The paper highlights the increasing importance of machine learning (ML) in mobile applications, with mobile devices becoming ubiquitous due to their accessibility and functionality. Various ML models, including Convolutional Neural Networks (CNNs) and Vision Transformers (ViTs), are explored for their applications in real-time classification on mobile devices. The paper identifies key challenges in deploying these models, such as limited computational resources, battery consumption, and the need for real-time performance.

Central to the research is the comparison of MobileNetV2, a lightweight CNN designed for mobile applications, and Vision Transformers (ViTs), which have shown success in image recognition tasks. MobileNetV2, with its depthwise separable convolutions and residual connections, is optimized for resource efficiency, while ViTs apply self-attention mechanisms to achieve competitive performance in image classification. The study evaluates the performance of both models before and after applying optimization techniques like quantization and graph optimization.

It was discovered that quantization is one of the most effective optimization strategies for mobile environments, reducing model size by up to 74 % and improving inference speed by 44 % in ViTs.
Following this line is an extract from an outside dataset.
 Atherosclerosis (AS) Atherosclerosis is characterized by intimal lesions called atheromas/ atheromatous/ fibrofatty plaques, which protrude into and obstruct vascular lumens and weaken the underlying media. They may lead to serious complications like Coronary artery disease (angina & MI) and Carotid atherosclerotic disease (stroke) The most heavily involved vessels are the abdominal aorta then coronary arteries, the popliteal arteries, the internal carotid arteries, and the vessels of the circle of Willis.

Additionally, graph optimization techniques, such as operator fusion, pruning, and node reordering, are examined for their role in reducing computational complexity and improving performance on resource-constrained devices.
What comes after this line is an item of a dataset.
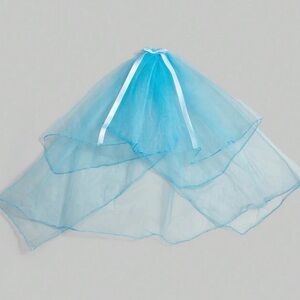 • Voluminous bright blue mesh fabric veil with ribbon in the back

Experimental results on different datasets, including MNIST and the ASL Alphabet dataset, demonstrate the significant performance improvements achieved through optimization. The study shows that post-training quantization and graph optimization can reduce model size, inference time, and CPU usage, making ML models more suitable for mobile applications. The experiments were conducted on a Xiaomi Redmi Note 8 Pro device, showcasing the practical benefits of these optimizations in real-world mobile deployments.
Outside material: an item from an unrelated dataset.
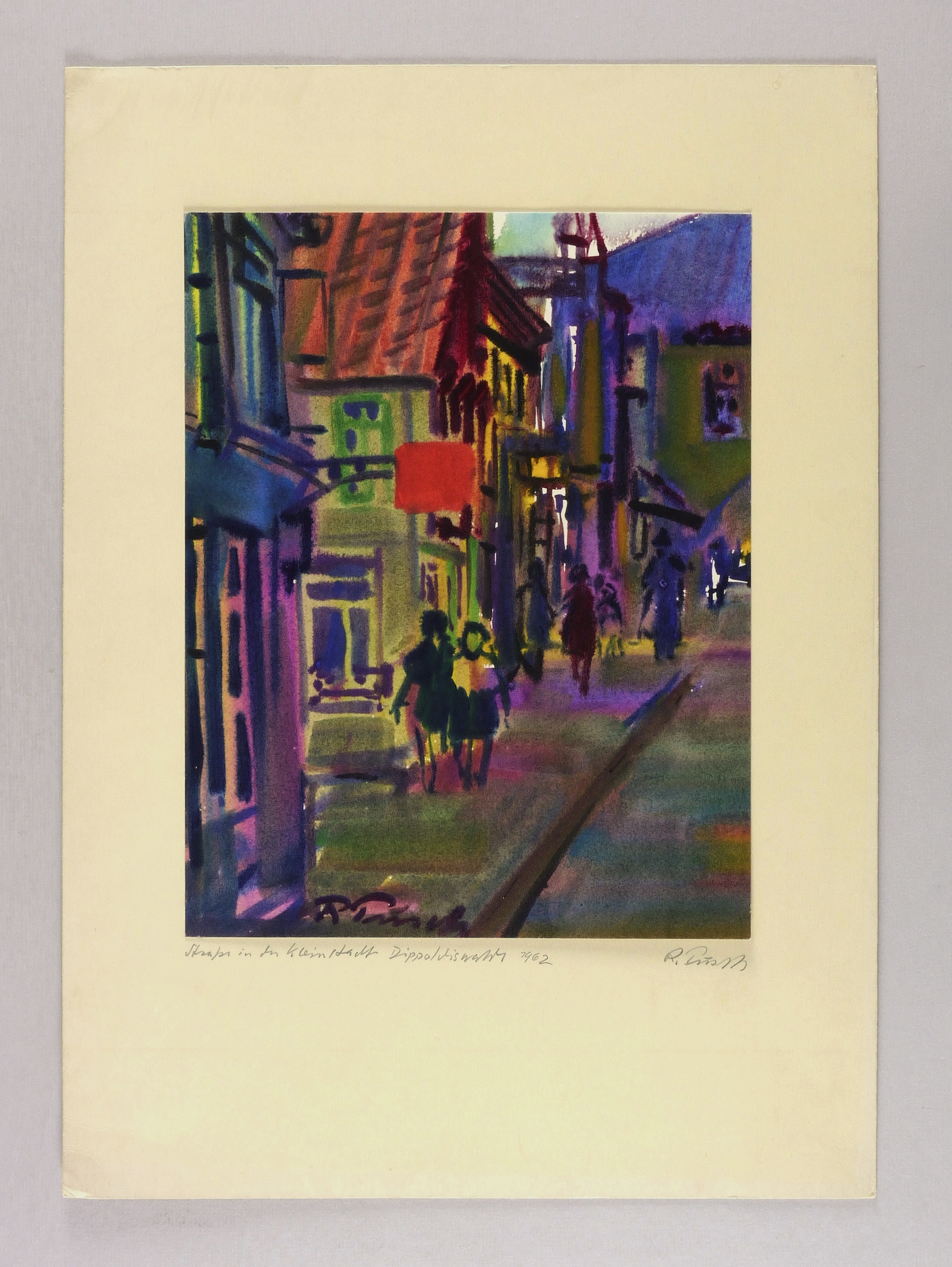 Auf dem Trägerkarton rechts unten in Bleistift signiert: ″R. Pusch″. Links Titel und Jahr: ″Straße in der Kleinstadt Dippoldiswalde 1962″. – Original vom Künstler auf Trägerkarton montiert. Sehr guter Zustand.

The research concludes that optimization techniques like quantization and graph optimization are essential for deploying ML models on mobile devices, where resource constraints and real-time performance are critical. It also provides valuable insights into how ML architectures can be optimized for mobile environments, contributing to the advancement of efficient AI-driven mobile applications.

1. ITU/UN tech agency. (2024, May 19). Measuring Digital Development - Facts and Figures 2023. International Telecommunication Union. https://www.itu.int/hub/publication/d-ind-ict_mdd-2023-1/

2. Statista. (2024, June 14). Topic: US smartphone market. https://www.statista.com/topics/2711/us-smartphone-market/#topicOverview

3. Brand, L. (2023). Towards improved user experience for artificial intelligence systems. In Engineering Applications of Neural Networks (pp. 33-44). Cham. https://doi.org/10.1007/978-3-031-34204-2_4

4. Li, Y., Dang, X., Tian, H., Sun, T., Wang, Z., Ma, L., Klein, J., & Bissyande, T. F. (2022). AI-driven mobile apps: An explorative study. ArXiv. https://doi.org/10.48550/arxiv.2212.01635

5. Vaswani, A., Shazeer, N., Parmar, N., Uszkoreit, J., Jones, L., Gomez, A. N., Kaiser, L., & Polosukhin, I. (2017). Attention is all you need. ArXiv. https://doi.org/10.48550/arxiv.1706.03762

6. Sun, C., Shrivastava, A., Singh, S., & Gupta, A. K. (2017). Revisiting unreasonable effectiveness of data in deep learning era. In 2017 IEEE International Conference on Computer Vision (ICCV) (pp. 843-852). https://doi.org/10.1109/ICCV.2017.97

7. Sandler, M., Howard, A. G., Zhu, M., Zhmoginov, A., & Chen, L.-C. (2018). Mobilenetv2: Inverted residuals and linear bottlenecks. In 2018 IEEE/CVF Conference on Computer Vision and Pattern Recognition (pp. 4510-4520). https://doi.org/10.1109/CVPR.2018.00474

8. Howard, A. G., Sandler, M., Chu, G., Chen, L.-C., Chen, B., Tan, M., Wang, W., Zhu, Y., Pang, R., Vasudevan, V., Le, Q. V., & Adam, H. (2019). Searching for mobilenetv3. In 2019 IEEE/CVF International Conference on Computer Vision (ICCV) (pp. 1314-1324). https://doi.org/10.1109/ICCV.2019.00140

9. Tan, M., & Le, Q. V. (2019). Efficientnet: Rethinking model scaling for convolutional neural networks. ArXiv. https://doi.org/10.48550/arXiv.1905.11946

10. Touvron, H., Cord, M., Douze, M., Massa, F., Sablayrolles, A., & Jegou, H. (2021). Training data-efficient image transformers & distillation through attention. In Proceedings of the 38th International Conference on Machine Learning, 10347-10357.

11. Xiao, T., Singh, M., Mintun, E., Darrell, T., Dollar, P., & Girshick, R. (2021). Early convolutions help transformers see better. ArXiv. https://doi.org/10.48550/arXiv.2106.14881

12. Ranftl, R., Bochkovskiy, A., & Koltun, V. (2021). Vision transformers for dense prediction. In 2021 IEEE/CVF International Conference on Computer Vision (ICCV) (pp. 12159-12168). https://doi.org/10.1109/ICCV48922.2021.01196

13. Chen, L., Papandreou, G., Schroff, F., & Adam, H. (2017). Rethinking atrous convolution for semantic image segmentation. ArXiv, abs/1706.05587.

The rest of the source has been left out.